You don't "do" very much in 'Florence,' but that doesn't make it any less effective.

Patrick Klepek

Patrick Klepek

Image courtesy of Mountains

Games have difficulty conveying the mundane, pitching everything as life or death or the end of the world. But life is full of meaningful experiences whose stakes may seem like small potatoes to an outsider, but to those involved, it is the end of the world. Florence, released on iOS last month and Android tomorrow, is a slice of experimental storytelling that sketches a path for games to broaden the stories they tell.

Florence lays out the story of a relationship in the same amount of time it would take you to watch an episode of a TV show. You're in and out in just over 30 minutes. It wastes no time telling a very specific story about what it’s like to meet someone, fall in love, and deal with the consequences of youth.

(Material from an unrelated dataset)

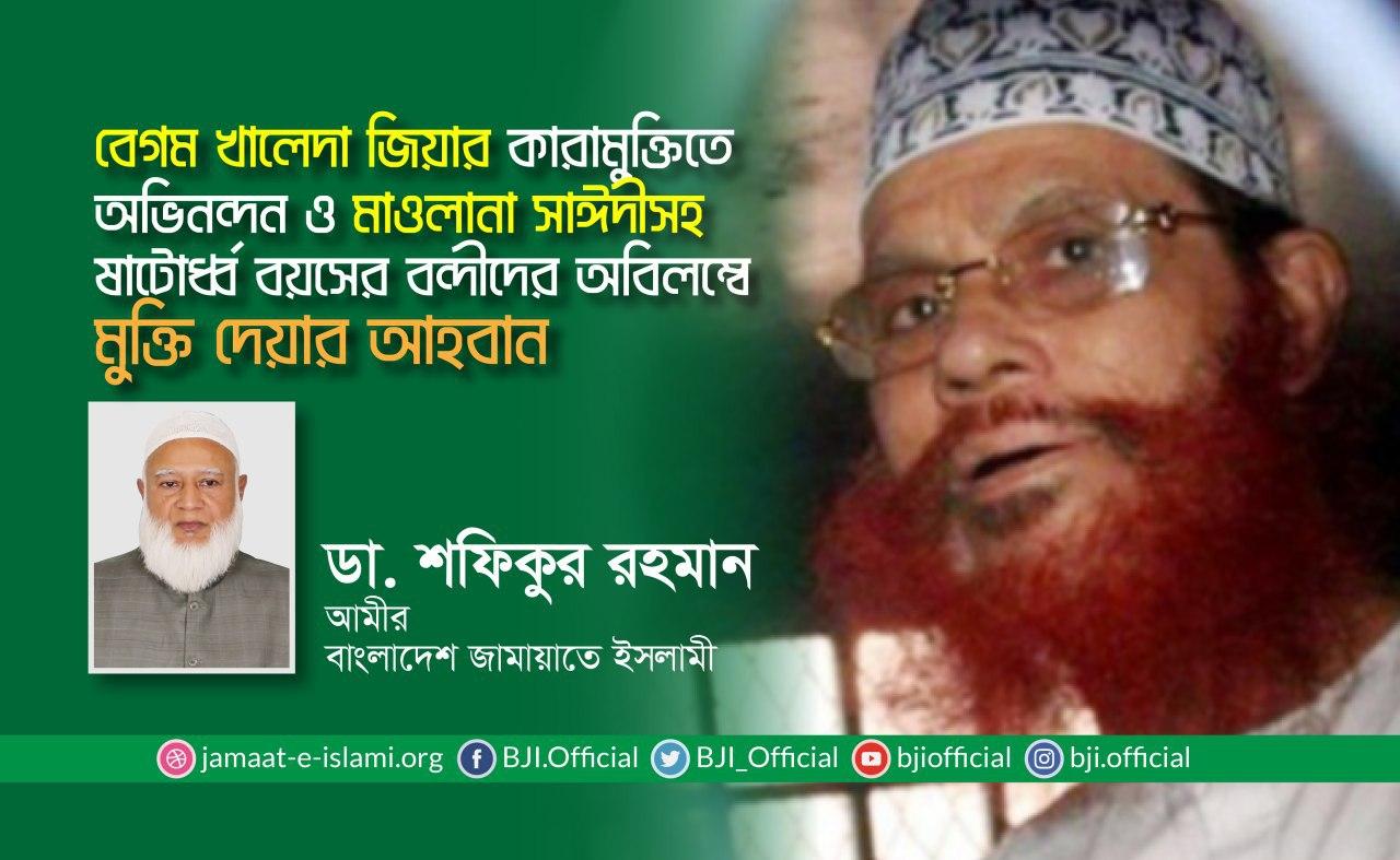 বেগম খালেদা জিয়ার কারামুক্তিতে অভিনন্দন ও মাওলানা সাঈদীসহ ষাটোর্ধ্ব বয়সের বন্দীদের অবিলম্বে মুক্তি দেয়ার আহবান
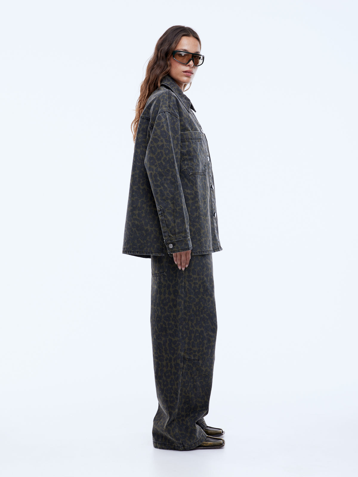 The Evie Denim Overshirt is cut from cotton denim with an oversized silhouette and dropped shoulders. Designed with patch pockets, shank button detailing and a dark tonal leopard print, it delivers bold layering with modern attitude.

It doesn’t set up a larger world with big questions to be answered in a cliffhanger. There is a beginning, middle, and end, and when it’s over, it’s over. The story it’s telling isn’t unique in and of itself, but by avoiding wearing out its welcome and wrapping the story in a fresh context, it works.

There is no dialogue whatsoever, with Florence entirely relying on effective use of music and sound effects carefully layered between its comic book-like visuals. Besides scrolling from one screen to the next—sometimes up and down, sometimes left to right, sometimes without budging—there are only light interactive elements to play with.

Every time you’re asked to participate, it’s a treat, whether it’s gently shaking photos:

Or scrubbing the screen to reveal what kind of conversation the couple is having:

My favorite bits are when the game tries to rethink what it means to “interact” with a game. One sequence uses puzzle pieces to represent the tone and pace of a conversation between the couple, which the game twists to great and dramatic effect.

You’re an observer in Florence, not a character. The player's role is to move the story along, and in specific instances, called upon to reveal a scene’s deeper meaning, or to engage with the screen in a playful way, heightening the emotional punch.

Nothing that happens in Florence is shocking, but that’s also why it’s so relatable. We can’t understand what it’s like to have the weight of the world on your shoulders, as aliens invade, but a lot of us know what it’s like to watch a relationship become the center of our own worlds. What it’s like to move in with another person, and try to find a place for your stuff amongst their stuff. What it’s like to imagine what life might be like, if the two of you are together together. What it’s like for all that to fall apart.

I dropped into melancholic nostalgia by the end of Florence, as I quietly took inventory of my own past relationships, and how they laid bricks in the road to the present.

I wish more games left me feeling like that, and that’s why Florence is worth your time.